See "plpa-info --help" for more information. A man page does not
yet exist, unfortunately.
Note that plpa-info is *only* compiled and installed if PLPA is
installed as a standalone package (see below).
2. Developers can use this package by including the <plpa.h> header
file and using the following prototypes for setting and getting
processor affinity:
int plpa_sched_setaffinity(pid_t pid, size_t cpusetsize,
const plpa_cpu_set_t *cpuset);
int plpa_sched_getaffinity(pid_t pid, size_t cpusetsize,
const plpa_cpu_set_t *cpuset)
These functions perform run-time tests to determine which back-end
API variant exists on the system and then dispatch to it correctly.
The units of cpusetsize is number of bytes. This should normally
just be sizeof(*cpuset), but is made available as a parameter to
allow for future expansion of the PLPA (stay tuned).
The observant reader will notice that this is remarkably similar to
the one of the Linux API's (the function names are different and
the CPU set type is different). PLPA also provides several macros
for manipulating the plpa_cpu_set_t bitmask, quite similar to FDSET
macros (see "What, Exactly, Is the Problem?" above for a
description of problems with the native CPU_* macros):
- PLPA_CPU_ZERO(&cpuset): Sets all bits in a plpa_cpu_set_t to
zero.
- PLPA_CPU_SET(num, &cpuset): Sets bit <num> of <cpuset> to one.
- PLPA_CPU_CLR(num, &cpuset): Sets bit <num> of <cpuset> to zero.
- PLPA_CPU_ISSET(num, &cpuset): Returns one if bit <num> of
<cpuset> is one; returns zero otherwise.
Note that all four macros take a *pointer* to a plpa_cpu_set_t, as
denoted by "&cpuset" in the descriptions above.
Also note that he PLPA distinguishes between Linux processor,
socket, and core IDs and processor, socket, and core numbers. The
*Linux IDs* are kernel-assigned integer values that do not
necessarily start with zero and are not necessarily contiguous.
The *numbers* start with 0 and are contiguous to (N-1).
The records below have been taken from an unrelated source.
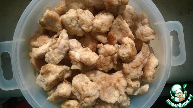 Лимонным соком хорошо сбрызнуть грудки, добавить крахмал.
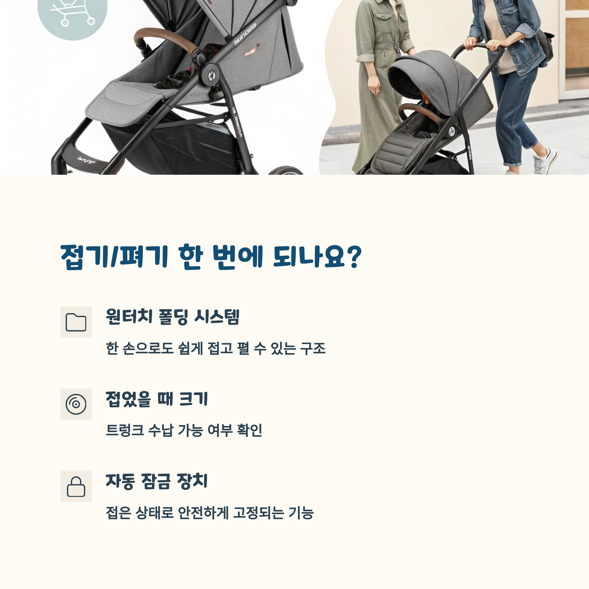 사용 후기들을 보면 “무게가 생각보다 무겁다”, “하차 공간에서 펼치기 어려웠다”는 의견이 많았습니다. 실제로 아이를 안고 한 손으로 접는 일이 생각보다 많기 때문에, 체험 매장에서 꼭 직접 사용해 보는 것이 좋습니다. 또한 햇빛 가리개(캐노피)의 크기와 조작감, 하부 바구니 공간 역시 실사용 만족도에 큰 영향을 미칩니다. 후기에서 자주 언급되는 단점이나 불편 요소들을 체크리스트처럼 참고하는 것도 좋은 방법입니다.
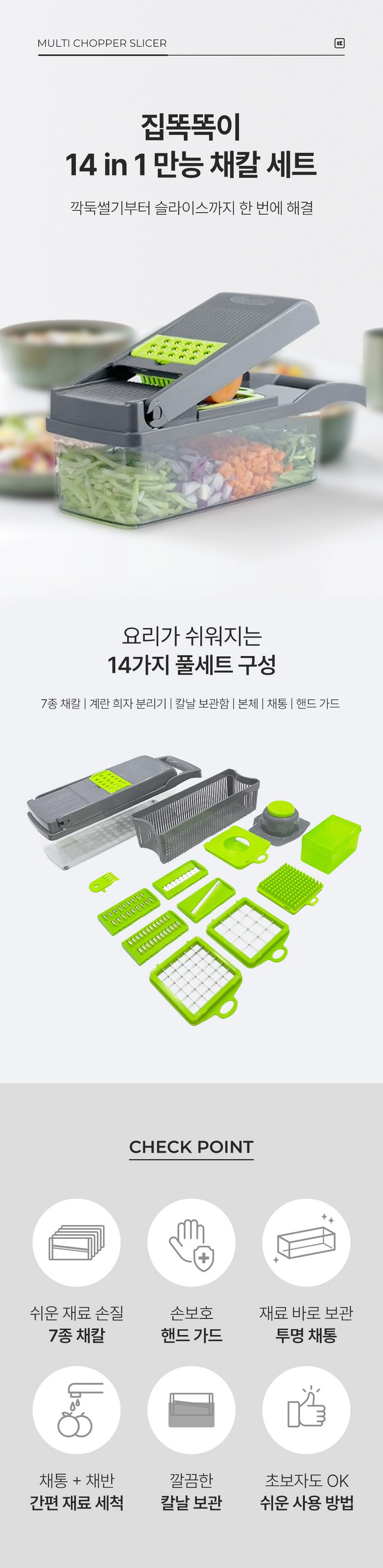 | 품명 및 모델명 | 집똑똑이 14 in 1 만능 채칼 세트 | 재질 | 상품 상세페이지 참조 |

The
numbers are therefore mainly a human convenience; they may or may
not exactly correspond to the Linux IDs; it is safest to assume
that they do not.
The following API functions are also available on supported
platforms with kernels that support topology information (e.g.,
AMD/Intel platforms with Linux kernel v2.6.16 or later). The list
below is a summary only; see plpa.h for a specific list of function
signatures:
- plpa_have_topology_information()
Will return 1 if the PLPA is able to provide topology
information, 0 otherwise. If 0 is returned, all the functions
below will return a negative value to signify a graceful failure.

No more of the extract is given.